Summary: I wrote this document based on my experience validating a risk assessment instrument. These were some of the issues, rewritten for generalizability, that we encountered. Accessible, quality data is often a project bottleneck, and I’ve found these helpful to consider before working on a project with criminal justice data.
Comments: I wrote these notes in the context of evaluating a risk assessment instrument, so “risk factors” are independent variables and “outcomes” are dependent variables.
- Data System Diversity – Risk factor information can require data from several systems, potentially including individual demographic data, pretrial systems data, criminal history data, arrest data, jail booking data, and court disposition data.
- Agency Diversity – An individual jurisdiction can also have multiple courts, jails, and other agencies that maintain the same type of data but stored in different systems.
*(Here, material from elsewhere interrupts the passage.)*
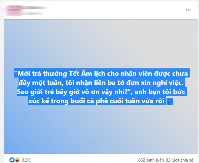 'Mới trả thưởng Tết Âm lịch cho nhân viên được chưa đầy một tuần, tôi nhận liền ba tờ đơn xin nghỉ việc. Sao giới trẻ bây giờ vô ơn vậy nhỉ?', anh bạn tôi bức xúc kể trong buổi cà phê cuối tuần vừa rồi' – chi tiết bài đăng gây tranh cãi.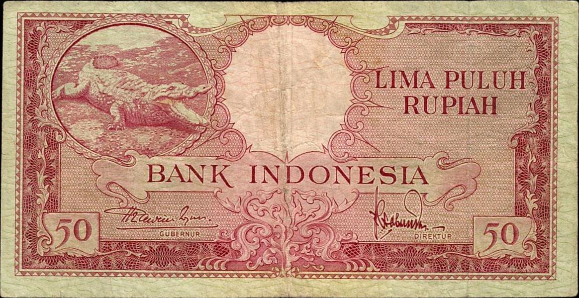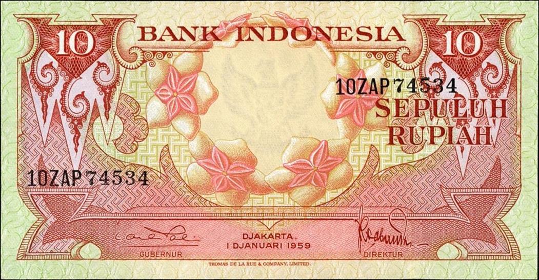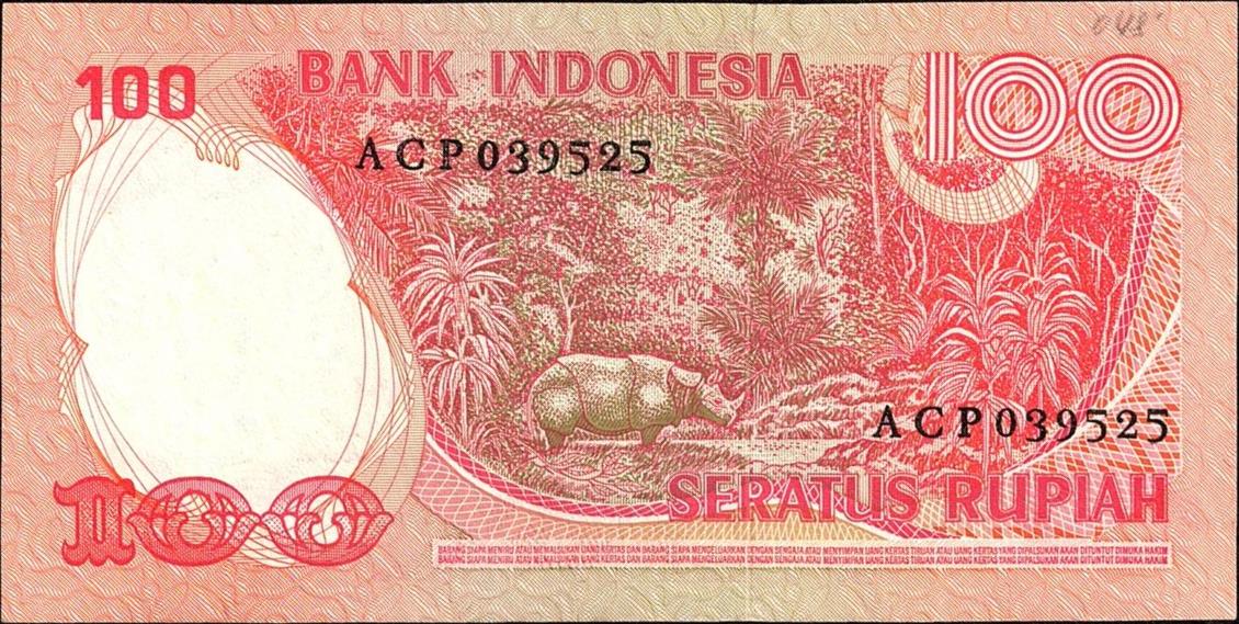 1977. Red on multicolored underprint. Java Rhinoceros at left. Java Rhinoceros in jungle scene at center on back. Watermark: arms.

- Data Encoding Diversity – These data are often encoded in different ways across different systems, requiring reconciliation.
- Insufficient Data Definition – Jurisdictions or agencies might not define or capture specific data required for risk factors or outcomes if it’s not required for existing systems.
- e.g. Felony/Misdemeanor offense information is commonly captured, but violent/non-violent offense information is often not. An accurate lookup of whether an offense is violent might not exist.
- Definitional Diversity – Definitions of criminal history factors and severity may differ across jurisdictions.
- Intra-Agency System Changes – Agencies adopt new systems for the same data over time.
- This requires linking records for an individual across time.
- Legacy systems may not have every piece of requisite data for an accurate criminal history.
- Jurisdictions have different practices for archiving historical data from legacy data systems. For example, full criminal history information may be unavailable.
- Individual Data Veracity – The consistency of the data for any one individual varies across all of these systems.
- Reconciling various demographic descriptors (such as Hispanicity) across these systems has implications for determining predictive bias.
- Documentation Quality – Documentation about the data in different systems is often incomplete, out-of-date, or incorrect.
- Proprietary System Inconsistencies – Proprietary systems can store data in different formats and have different options for exporting data.
- Absence of New Data Storage – Scores from risk assessment instruments, as well as decisions made using them, aren’t stored in existing systems. This requires historical analysis (i.e. revalidation) based off risk factors where a real-time analysis with calculated assessment scores would be more precise.